Haiti rischia di precipitare verso una dittatura o una deriva autoritaria? E’ il timore che serpeggia in queste ore all’interno della società civile dell’isola caraibica, dopo le manifestazioni indette dalle forze di opposizione domenica scorsa, 14 febbraio, nella capitale Port-au-Prince e gli scontri con la polizia che hanno causato un morto, diversi feriti e 23 persone arrestate. Il presidente Jovenel Moïse non ha intenzione di lasciare la guida del Paese, sostenendo che il suo mandato quinquennale scadrà a febbraio 2022 perché è entrato in carica un anno dopo la nomina. Secondo gli oppositori, invece, a norma di Costituzione, il suo mandato si conclude quest’anno.
La crisi politica è molto complessa e profonda: Moïse governa da un anno a colpi di decreti perché non esiste un parlamento. Le elezioni previste per il 2018 sono state rinviate sine die e la popolazione haitiana, già vessata da miseria e malattie, vede il proprio futuro sempre più insicuro e incerto: il 60% vive sotto la soglia della povertà, l’inflazione è altissima, manca cibo e carburante, il Covid-19 ha provocato almeno 2.500 vittime.
La società civile haitiana chiede da tempo le dimissioni del presidente Moïse da due anni, anche in seguito a scandali ed episodi di corruzione. Una settimana fa perfino la Conferenza episcopale haitiana si è espressa con una nota critica nei confronti delle decisioni del presidente, lamentando la difficile situazione generale: “Il Paese è sull’orlo dell’esplosione; la vita quotidiana delle persone è costellata da morte, omicidi, impunità, insicurezza. Il malcontento è ovunque, in quasi tutti gli ambiti”. E’ inoltre in corso un evidente scontro tra Moïse e il potere giudiziario. Il presidente ha fatto arrestare, con l’accusa di aver messo in atto un colpo di stato, Joseph Mécène Jean-Louis, giudice della Corte di Cassazione, individuato dall’opposizione come possibile leader ad interim. Ha poi ordinato il pensionamento forzato di altri tre giudici della Corte.
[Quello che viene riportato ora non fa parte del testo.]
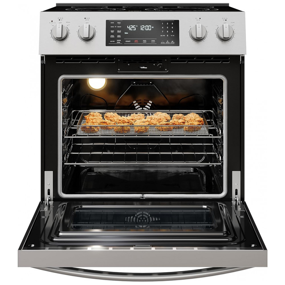 Leve sua cozinha para o próximo nível com o Fogão Kenmore Elétrico de Controle Frontal. Funcional e atraente, este fogão elétrico autônomo aprimora sua experiência de cozimento com seu design de controle frontal, 5 queimadores de cooktop, 2 grelhas de forno e luz halógena brilhante, enquanto seu acabamento em aço inoxidável elegante e moderno complementa qualquer cozinha. Os controles fáceis de usar apresentam ajustes incrementais precisos e opções avançadas de cozimento e autolimpeza com configurações múltiplas, como Início Atrasado, Manter Aquecido, Grelhar, Autolimpeza e Vapor. Apresentando 5 queimadores de cooktop, este fogão elétrico maximiza sua flexibilidade e controle de cozimento para que você possa adequar o queimador à tarefa certa e ferver água, refogar legumes e cozinhar molhos ao mesmo tempo. A Convecção Real utiliza um ventilador e um terceiro elemento de aquecimento para pré-aquecer rapidamente e cercar os alimentos com ar aquecido para um desempenho consistente e uniforme em cada grelha. A opção Air Fry com uma cesta produz ar quente circulante para criar seus alimentos fritos favoritos com uma parte externa crocante e uma parte interna macia, sem óleo ou bagunça, e os 2 poderosos elementos Turbo Boil de 3.000 watts fornecem fervura rápida, fritura e opções de selar para obter aquele sizzle perfeito em tudo, desde bifes e hambúrgueres até legumes e peixes.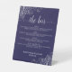 The Bar - Navy Blue & Silver Drinks Menu Wedding Pedestal Sign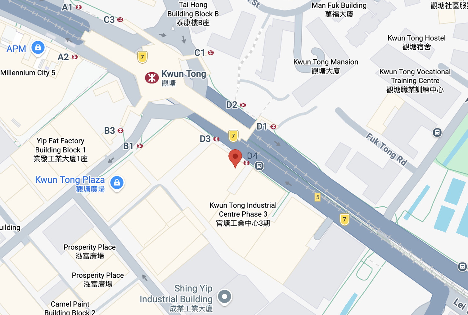 (Kwun Tong MTR Station Exit D4. Take the stairs down to street level, turn right and walk straight. The entrance is located between Phase 3 and Phase 4.)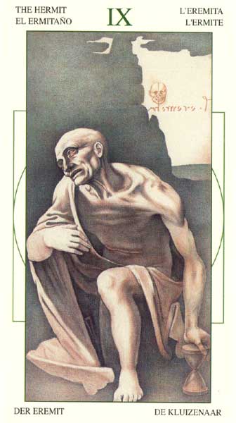 The Hermit shuts out the world and retreats into solitude to better understand some spiritual aspect of life. He opens to the cosmos and lets it's wisdom sink in. Hermits are often seen as wise old men who can guide a traveller along a journey.

Un clima di tensione e terrore. “Da ormai due settimane si respira nel Paese un clima di alta tensione e terrore – racconta al Sir da Port-au-Prince Clara Zampaglione, operatrice di Caritas italiana, da due anni ad Haiti -. In molte zone ci sono scontri perpetrati dalle bande armate che spadroneggiano nelle strade della capitale, seminando paura e violenza”. Stati Uniti e Organizzazione degli Stati americani (Osa), sostenitori di Moïse, appoggiano la sua proposta di indire nuove elezioni entro l’anno. Ma l’idea spaventa gli osservatori, perché il Paese è troppo instabile e si rischiano nuove violenze e scontri. Nel frattempo “le scuole rimangono chiuse – prosegue l’operatrice Caritas -, i diritti umani vengono calpestati e la grave instabilità politica amplifica il clima di insicurezza. Inoltre da più di un anno si vive con la paura dei rapimenti a scopo di riscatto, una strategia per alimentare la paura”. Anche i poveri delle bidonville vengono rapiti, non solo i ricchi: “La popolazione è esasperata e ha timore di uscire di casa”.
E ora cosa accadrà? “Ci sono elementi che fanno seriamente pensare ad una svolta autoritaria – conferma Alessandro Cadorin, operatore di Caritas italiana a Port-au-Prince – C’è molta paura e preoccupazione. E’ uno stato di anarchia preoccupante. La sensazione generale è di smarrimento: cosa accadrà?” Caritas italiana è presente ad Haiti dal 2010, l’anno del disastroso terremoto che uccise almeno 230.000 persone. Da allora ha finanziato complessivamente 221 progetti di solidarietà, per un importo di oltre 24 milioni di euro. Si tratta di interventi di accompagnamento alle Caritas locali, di educazione alla cittadinanza, sostegno al reddito e alla sicurezza alimentare di comunità svantaggiate e piccoli agricoltori, per favorire processi di empowerment.